This measure is intended to narrow differences between state
and federal law and provide relief to members of the United
States Armed Forces, businesses, and individual taxpayers."
2)Conformity Decisions. Full descriptions of each of the
conformity items in this bill are included in the FTB's annual
report to the Legislature, "Summary of Federal Income Tax
Changes," that are available on the FTB's Web site.

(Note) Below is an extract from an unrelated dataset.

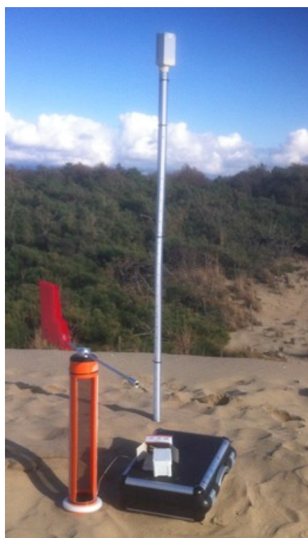
Figure 2. The Sand Collector Node (on the left) and the Sand Level Node (on the right)

The proposed architecture was tested in March, 2016 on the sand dunes located in the San Rossore regional park, Pisa, Italy. For the tests, 5 nodes WSN was set up: this included three Sand Level Nodes , one Sand Collector Node and one Environmental Monitoring Node . The three Sand Level Nodes were arranged in line, perpendicularly to the beach, 10 meters apart from each other. The Sand Collector Node was positioned close to the top Sand Level Node. The Environmental Monitoring Node was positioned on the top of the sand dune 5 meters apart from the top Sand Level Node. The Gateway Node was positioned close to the Environmental Monitoring Node.

3)The Importance (and Conundrum) of Conformity. When changes
are made to the federal income tax law, California does not
automatically adopt such provisions. Instead, state
legislation is needed to conform to most of those changes.
Conformity legislation is introduced either as individual tax
bills to conform to specific federal changes or as one omnibus
bill to conform to the federal law as of a certain date with
specified exceptions, a so-called "conformity" bill.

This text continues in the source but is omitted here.